Bitwise rotation (circular shift)

c++ bit-manipulation

11,614

Solution 1

Following code works great

#include <cstdint>

std::uint32_t rotl(std::uint32_t v, std::int32_t shift) {
    std::int32_t s =  shift>=0? shift%32 : -((-shift)%32);
    return (v<<s) | (v>>(32-s));
}

std::uint32_t rotr(std::uint32_t v, std::int32_t shift) {
    std::int32_t s =  shift>=0? shift%32 : -((-shift)%32);
    return (v>>s) | (v<<(32-s));
}

and of course the test for it.

#include <iostream>

int main(){
   using namespace std;
   cout<<rotr(8,1)<<endl; // 4
   cout<<rotr(8,-1)<<endl;  //16
   cout<<rotl(8,1)<<endl;  //16
   cout<<rotl(8,-1)<<endl;  //4
   cout<<rotr(4,60)<<endl;  //64
   cout<<rotr(4,61)<<endl; //32
   cout<<rotl(4,3)<<endl;  //32
   cout<<rotl(4,4)<<endl;  //64
   return 0;
}

maybe I not provided the fastest implementation, but a portable and stable one for sure

Generic version

#include <cstdint>

template< class T>
inline T rotl( T v, std::int32_t shift){
    std::size_t m = sizeof(v)*std::numeric_limits<T>::digits;
    T s = shift>=0? shift%m: -((-shift)%m)
    return (v<<s) | (v>>(m-s));
}

template< class T>
inline T rotr( T v, std::int32_t shift){
    std::size_t m = sizeof(v)*std::numeric_limits<T>::digits;
    T s = shift>=0? shift%m: -((-shift)%m)
    return (v>>s) | (v<<(m-s));
}

Cheers :)

Solution 2

C++20 provides std::rotl and std::rotr in the <bit> header.

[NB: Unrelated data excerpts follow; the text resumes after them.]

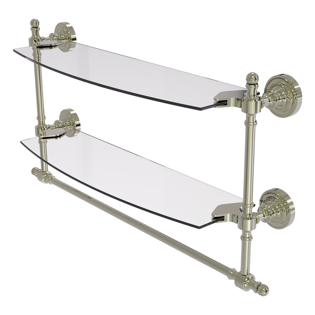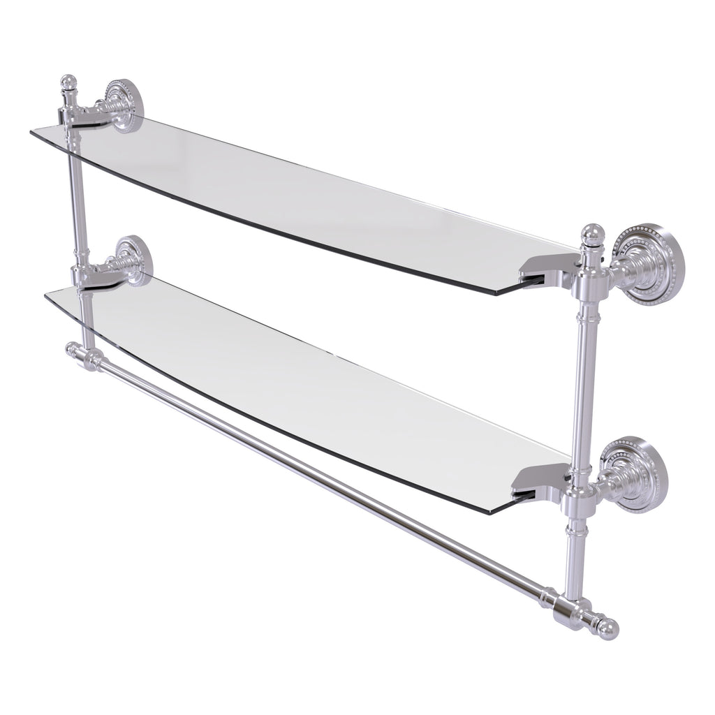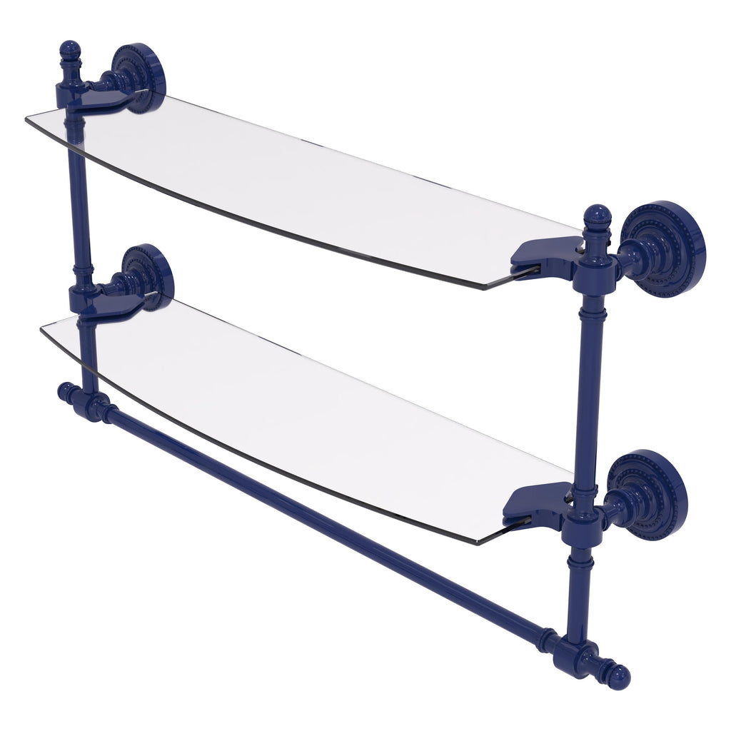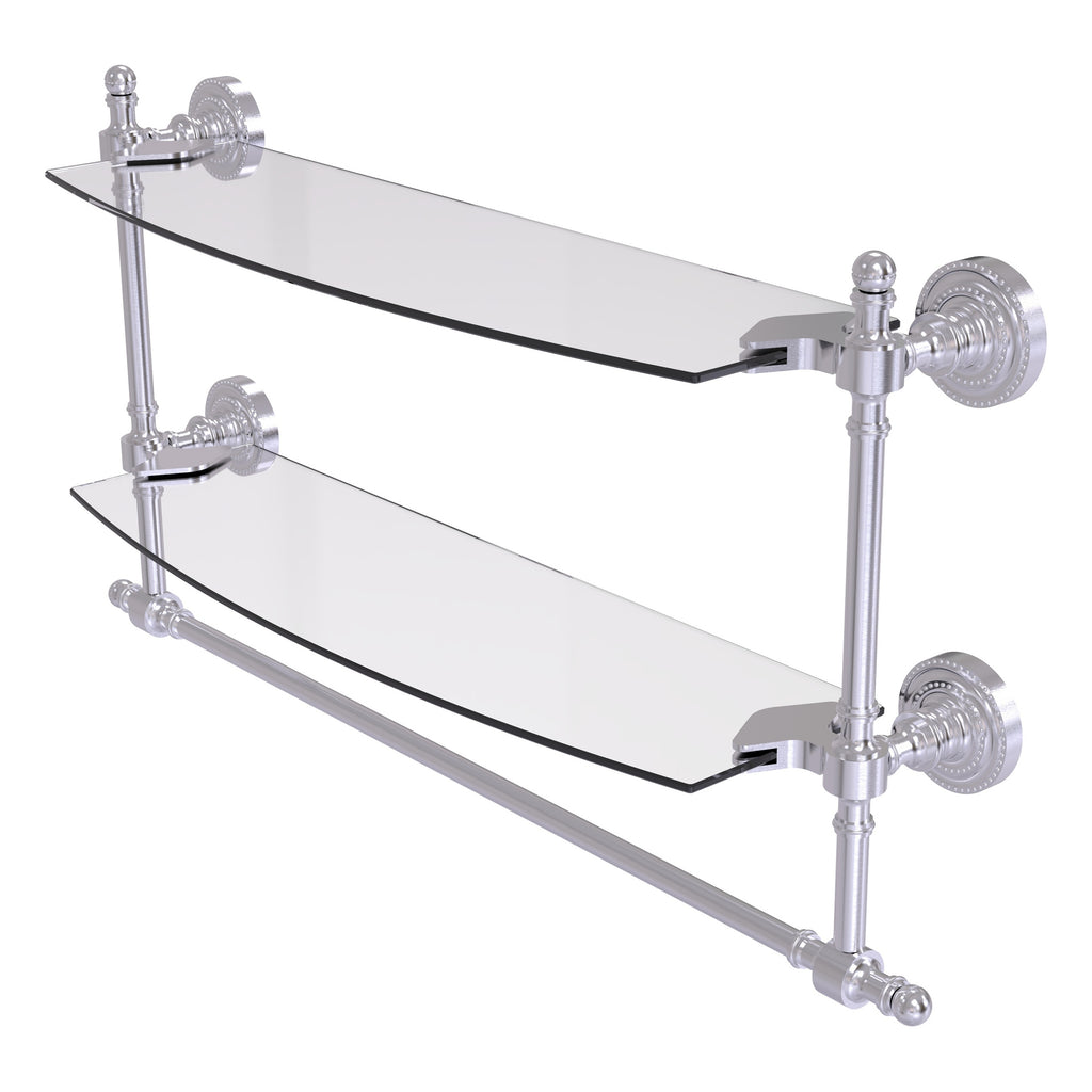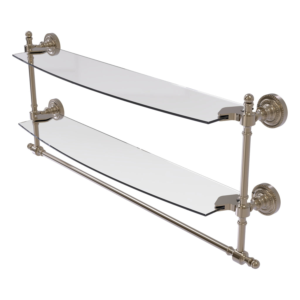 Add space and organization to your bathroom with this simple, contemporary style glass shelf. Featuring tempered, beveled-edged glass and solid brass hardware this shelf is crafted for durability, strength and style. Integrated towel bar provides space for your favorite decorative towels or for your everyday use. One of the many coordinating accessories in the Allied Brass Collection of products, this subtle glass shelf is the perfect complement to your bathroom decor.
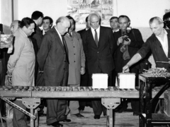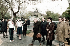 Váci út 135-139., Akkumulátor- és Szárazelemgyár. Kádár János a Magyar Szocialista Munkáspárt vezetője, középen Herczeg Ferenc igazgató, háttal Maróthy László a Budapesti Pártbizottság első titkára Fabriczki Andrásal,a Budapesti PB titkárával beszélget. A felvétel 1984. április 26-án készült.
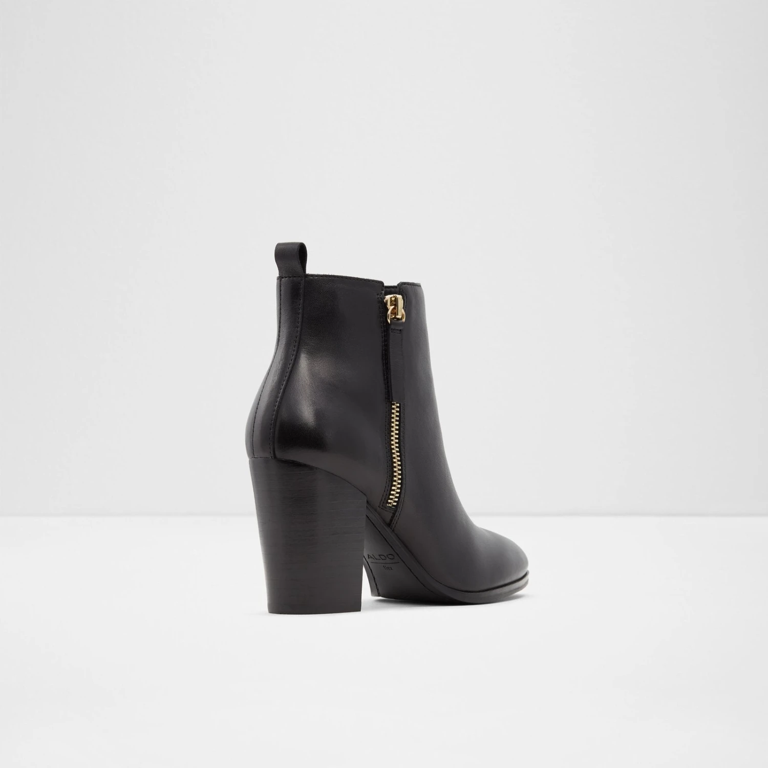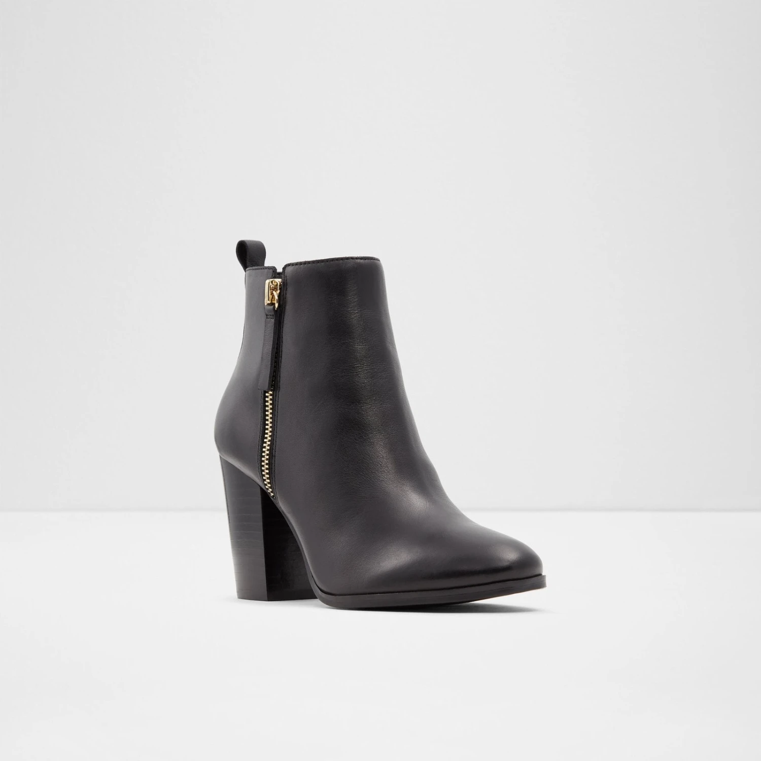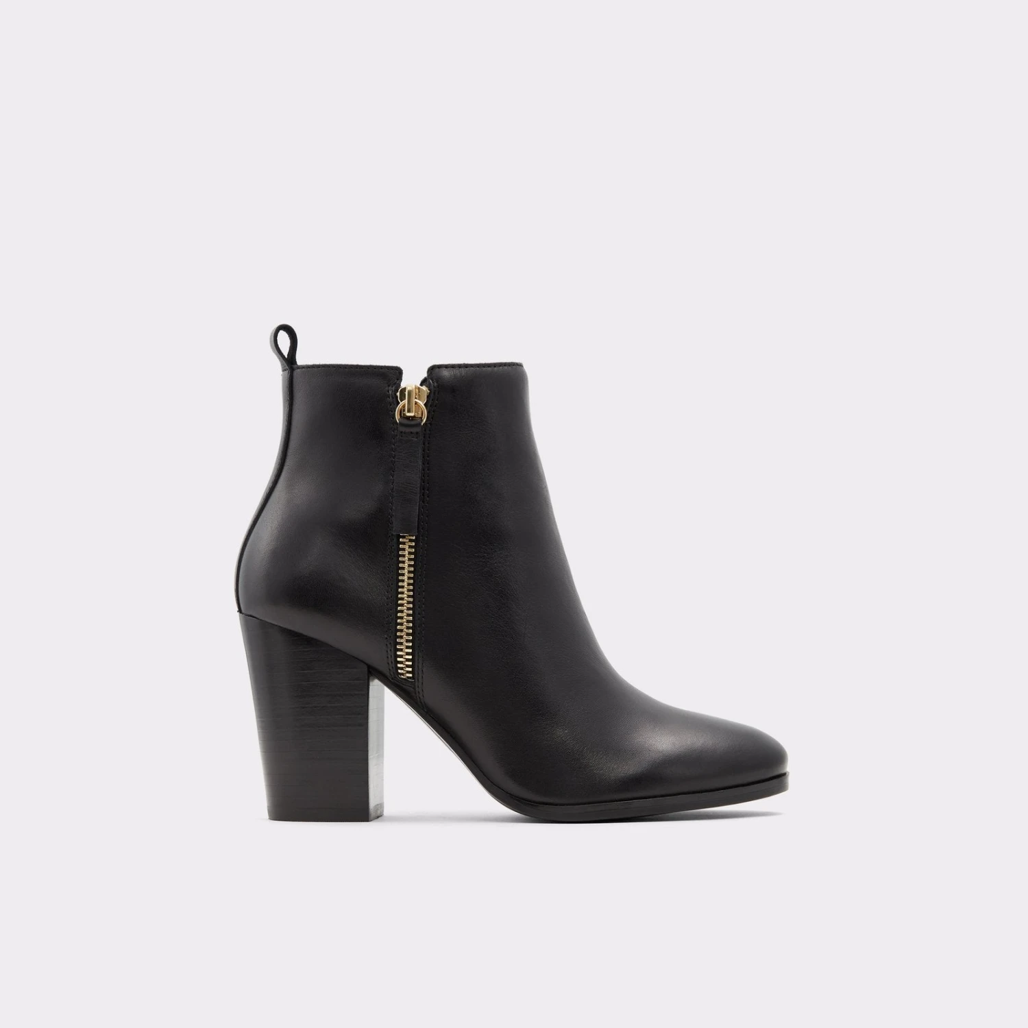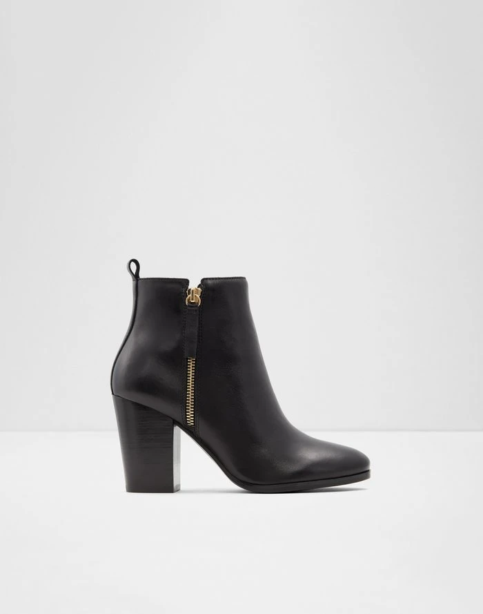 #Style notes *With this cute and stylish leather ankle boot, featuring a round toe, chunky block heel and side zipper closure, you’ve got yourself a fall look that’s on point. #Details * Ankle boot * Round toe * Block heel * Zipper closure * Zipper closure * Colour Black #Materials *Upper: Leather *Sole: Rubber #Measurements *Heel height: 9cm *Shaft Height: 12cm

An example from cppreference.com:

#include <bit>
#include <bitset>
#include <cstdint>
#include <iostream>

int main()
{
    std::uint8_t i = 0b00011101;
    std::cout << "i          = " << std::bitset<8>(i) << '\n';
    std::cout << "rotl(i,0)  = " << std::bitset<8>(std::rotl(i,0)) << '\n';
    std::cout << "rotl(i,1)  = " << std::bitset<8>(std::rotl(i,1)) << '\n';
    std::cout << "rotl(i,4)  = " << std::bitset<8>(std::rotl(i,4)) << '\n';
    std::cout << "rotl(i,9)  = " << std::bitset<8>(std::rotl(i,9)) << '\n';
    std::cout << "rotl(i,-1) = " << std::bitset<8>(std::rotl(i,-1)) << '\n';
}

I believe std::bitset is only used in this example for its stream formatting.

11,614

Author by

user3721105

Updated on June 13, 2022

Comments

user3721105 almost 2 years
I was trying to make some code in C++ about “bitwise rotation” and I would like to make this by the left shif. I didn’t know how to code this, but I found a little code in “Wikipedia” like this.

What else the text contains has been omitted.